On 5 May 2020, the National Bank of Ukraine (NBU) published a white paper on the future regulation of the factoring market in Ukraine (Factoring White Paper). The main purpose of the Factoring White Paper is to present the NBU's vision of how the Ukrainian factoring market should operate and be regulated.
The Ukrainian factoring industry has been showing dynamic growth in recent years, and the NBU is now seeking to align Ukrainian regulations with international standards to promote further growth of the factoring business. Starting from 1 July 2020, the NBU will be responsible for overseeing the non-banking financial sector, including factoring companies.

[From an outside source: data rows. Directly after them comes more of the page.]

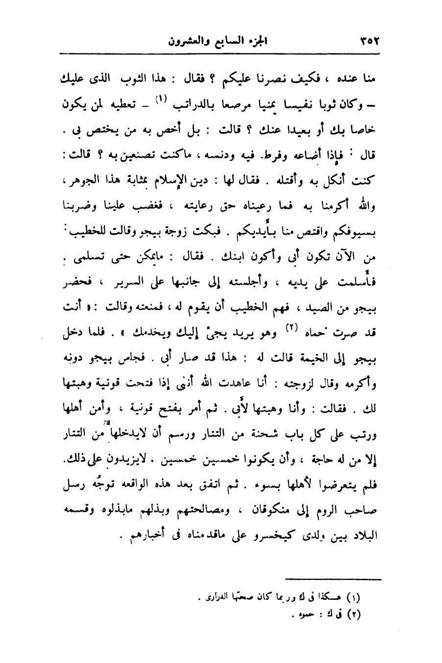 كنت أنكل به وأقتله. فقال لها: دين الإسلام بمثابة هذا الجوهر، والله أكرمنا به فما رعيناه حق رعايته، فغضب علينا وضربنا بسيوفكم واقتص منا بأيديكم. فبكت زوجة بيجو وقالت للخطيب: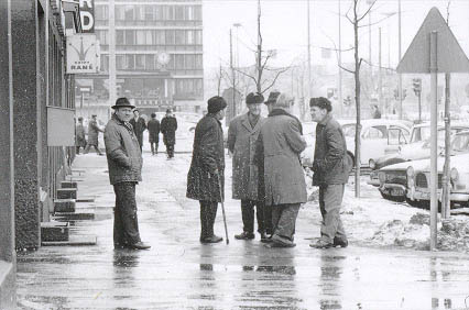 | Miehiä seisoskelemassa kadulla Hakaniementorin lähistöllä. | |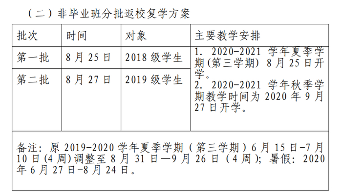 (三)老生8月18日(星期二)起分批错峰返校复课,新生9月20日(星期日)起分批错峰报到,返校复课及报到方案另行通知。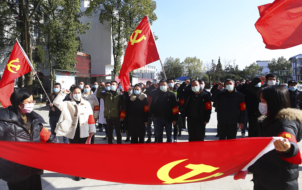 《党旗下的抗疫誓言》 梁振堂 摄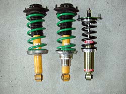 KONI-GPノーマル、GPの車高調アダプタ付き、ASA HALF SPESIALの3兄弟。ASAは超ショートケース&ショートロッド。これ、フルラップ式ではないものの、付属する3種類のカラーとピロカラーの組方を選択してロッド長を調整する事により、車高とイニシアルを別々にセッティング可能。具体的にはイニシアルゼロのままでフェンダの隙間が指1本入らないくらいから3本入るくらいまでの調整は可能だ。これはけっこナイス。

The new model for regulation of the factoring industry in Ukraine as presented in the Factoring White Paper includes the following key points:
- Regulation and licensing: The factoring market will be regulated and supervised by the NBU using the risk-based approach. Licensing and oversight requirements will vary depending on the business model chosen by a particular factoring company.
- Access to financing: The list of eligible sources of funding will be clarified to include, among others, funds received from shareholders or affiliated entities, or other financial institutions, or through issuing bonds.

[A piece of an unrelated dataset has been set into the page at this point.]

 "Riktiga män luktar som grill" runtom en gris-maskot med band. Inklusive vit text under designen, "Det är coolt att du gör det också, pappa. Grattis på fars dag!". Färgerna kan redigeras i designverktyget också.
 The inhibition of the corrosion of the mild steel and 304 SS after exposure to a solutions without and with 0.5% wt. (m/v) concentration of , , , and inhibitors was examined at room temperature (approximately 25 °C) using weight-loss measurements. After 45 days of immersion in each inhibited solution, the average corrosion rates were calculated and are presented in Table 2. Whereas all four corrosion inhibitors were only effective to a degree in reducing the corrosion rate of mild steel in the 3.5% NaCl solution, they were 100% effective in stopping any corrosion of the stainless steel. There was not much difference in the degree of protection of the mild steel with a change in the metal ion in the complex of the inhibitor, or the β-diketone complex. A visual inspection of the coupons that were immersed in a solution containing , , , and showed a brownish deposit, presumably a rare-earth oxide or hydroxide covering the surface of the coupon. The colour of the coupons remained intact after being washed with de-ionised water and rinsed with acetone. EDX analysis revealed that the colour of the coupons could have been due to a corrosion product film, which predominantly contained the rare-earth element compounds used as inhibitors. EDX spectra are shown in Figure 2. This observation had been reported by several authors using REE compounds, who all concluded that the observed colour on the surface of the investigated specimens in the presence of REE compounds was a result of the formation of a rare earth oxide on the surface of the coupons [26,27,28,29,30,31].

- Capital requirements: A factoring company will be required to maintain its capital at a minimum of UAH 3 million (c. USD 112,000); and should the company wish to render additional financial services (in addition to factoring) such minimum capital level will increase to UAH 5 million (c. USD 186,500).
Importantly, the NBU proposes to amend the Ukrainian legislation to establish a precise distinction between assignment of claims and factoring. Until now, a discounted assignment of loan claims has often been treated as factoring.
Having presented the Factoring White Paper, the NBU will now be discussing with key stakeholders and market participants the model for regulation of the factoring market in Ukraine and the relevant amendments to the Ukrainian legislation. The regulator aims the new model to become effective in early 2021.